If I open up a terminal (xfce4-terminal 0.6.3, but I doubt it matters) and I look at what terminal attributes are set (BASH is running in the terminal),
$ stty -a
speed 38400 baud; rows 24; columns 80; line = 0;
intr = ^C; quit = ^\; erase = ^?; kill = ^U; eof = ^D; eol = M-^?; eol2 = M-^?;
swtch = M-^?; start = ^Q; stop = ^S; susp = ^Z; rprnt = ^R; werase = ^W;
lnext = ^V; discard = ^O; min = 1; time = 0;
-parenb -parodd -cmspar cs8 hupcl -cstopb cread -clocal -crtscts
-ignbrk brkint -ignpar -parmrk -inpck -istrip -inlcr -igncr icrnl ixon -ixoff
-iuclc ixany imaxbel iutf8
opost -olcuc -ocrnl onlcr -onocr -onlret -ofill -ofdel nl0 cr0 tab0 bs0 vt0 ff0
isig icanon iexten echo echoe echok -echonl -noflsh -xcase -tostop -echoprt
echoctl echoke -extproc
then I have a whole bunch of terminal attributes. Fine enough. If I then take a look at what terminal I'm using:
$ tty
/dev/pts/0
then, on a new tab of my terminal (which new tab happens to be /dev/pts/1) I look at the terminal attributes of my first terminal, it seems to have slightly different terminal attributes:
$ stty -a -F /dev/pts/0
speed 38400 baud; rows 24; columns 80; line = 0;
intr = ^C; quit = ^\; erase = ^?; kill = ^U; eof = ^D; eol = M-^?; eol2 = M-^?;
swtch = M-^?; start = ^Q; stop = ^S; susp = ^Z; rprnt = ^R; werase = ^W;
lnext = <undef>; discard = ^O; min = 1; time = 0;
-parenb -parodd -cmspar cs8 hupcl -cstopb cread -clocal -crtscts
-ignbrk brkint -ignpar -parmrk -inpck -istrip -inlcr -igncr -icrnl ixon -ixoff
-iuclc ixany imaxbel iutf8
opost -olcuc -ocrnl onlcr -onocr -onlret -ofill -ofdel nl0 cr0 tab0 bs0 vt0 ff0
isig -icanon iexten -echo echoe echok -echonl -noflsh -xcase -tostop -echoprt
echoctl echoke -extproc
Notably, the original terminal here appears to not be in canonical mode, it has no literal next special character...
So why does this happen? I'd like to be able to look at things like this to see, e.g., if modern ed
uses canonical mode, but if there's a Heisenberg problem of looking at it from another terminal, I don't know how I'd do it.
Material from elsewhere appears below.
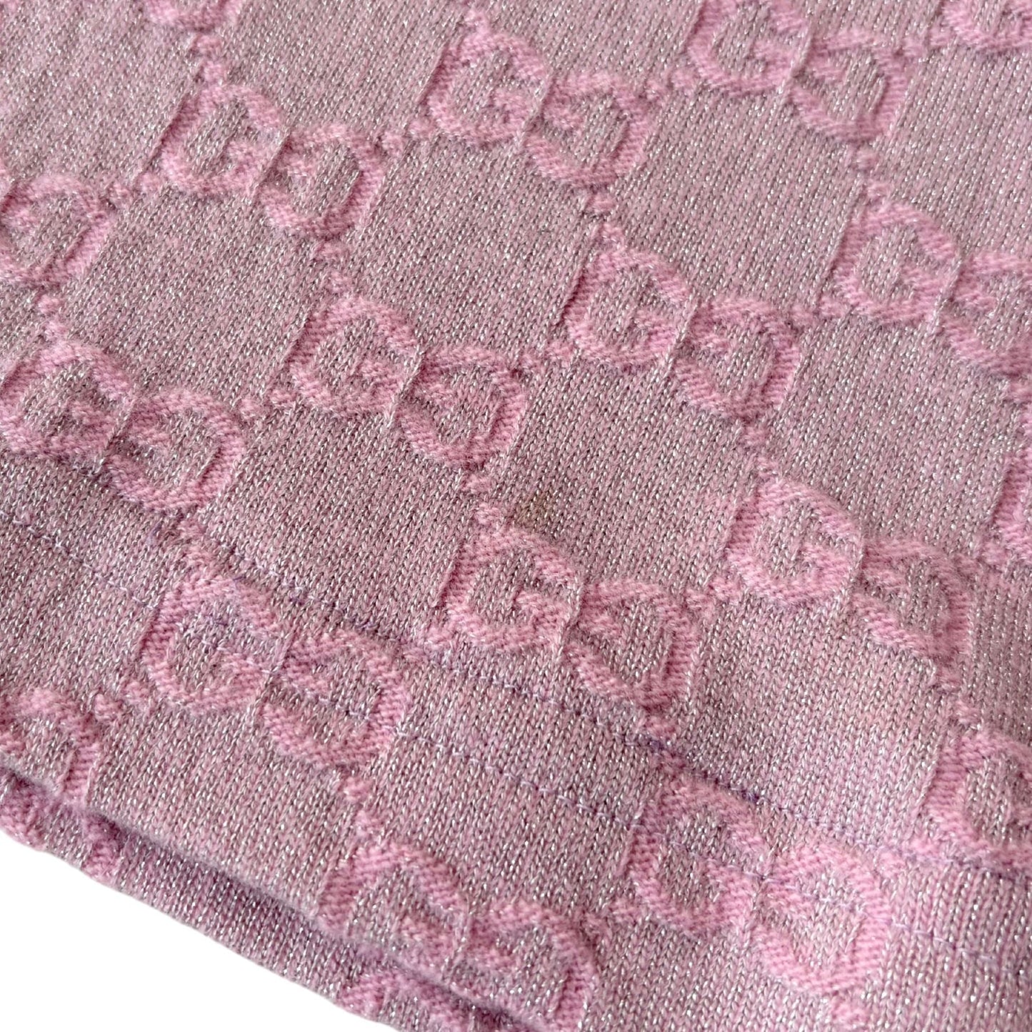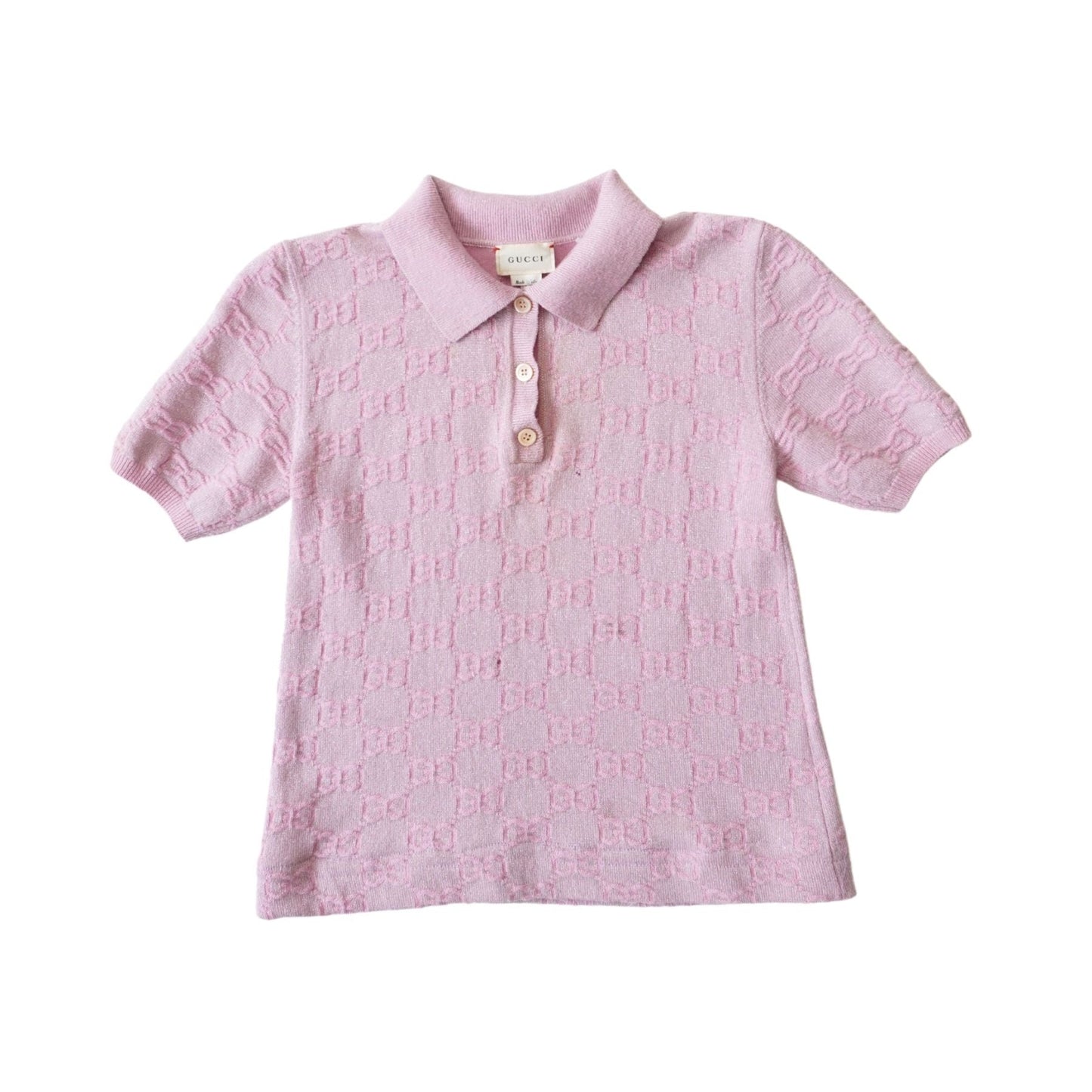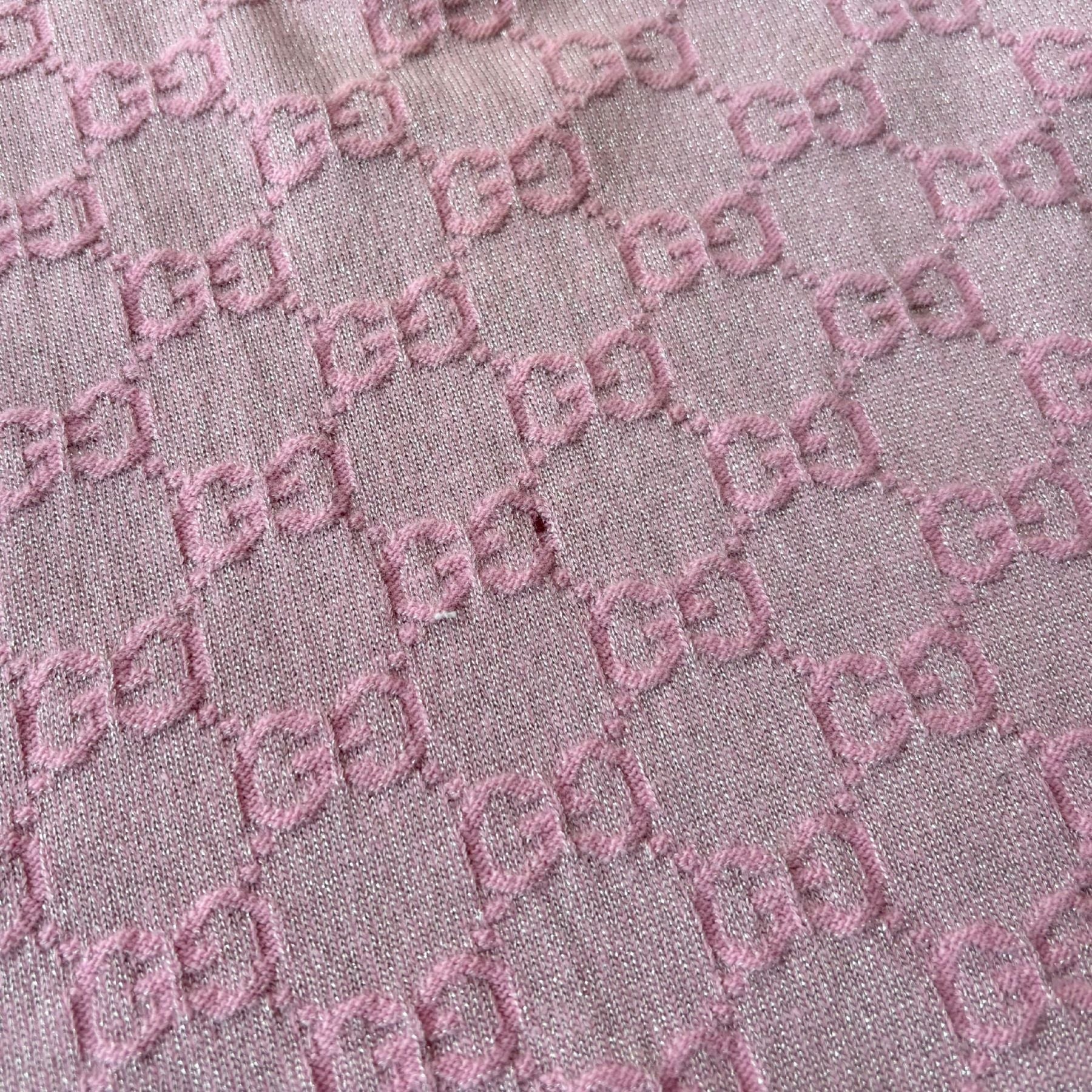 Gucci re-worked polo shirt in pink metallic knit with an all-over 'GG' guccissima print, beige buttons, and a collar. This top was re-worked from a dress.
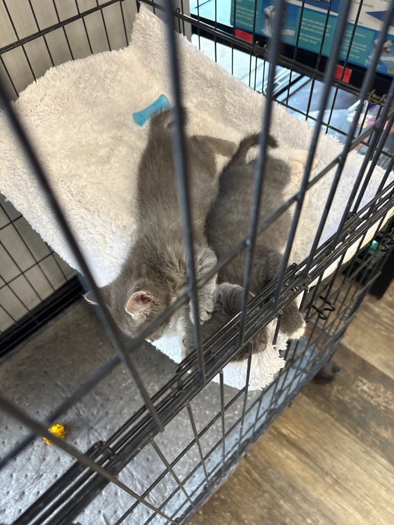 Finally, we decided to just go for it. We knew that the kittens would be at PetSupermarket in Hickory, so we headed to the store as soon as they opened. We watched a few customers ooh and ahh over the kittens. The girls finally passed out together, while their brother curled up with the other little male kitten. We met a woman that was enamored with the other male kitten, and she seemed like she might be adopting both boys, so we were happy that Skip would have a home and a playmate to grow up with.

So, my two main questions:
- Does the terminal just appear to have different attributes when I look at it from another terminal? (e.g. is my first terminal still in canonical mode, but
stty -a -F
returns incorrect information?) - If the terminal does really change attributes when I switch to the other terminal, how does it know? Is the 1st terminal somehow informed when I'm not directly looking at it?
P.S.: I tried this on the Linux Console also, just to make sure it wasn't a pseudo-terminal thing. Same results.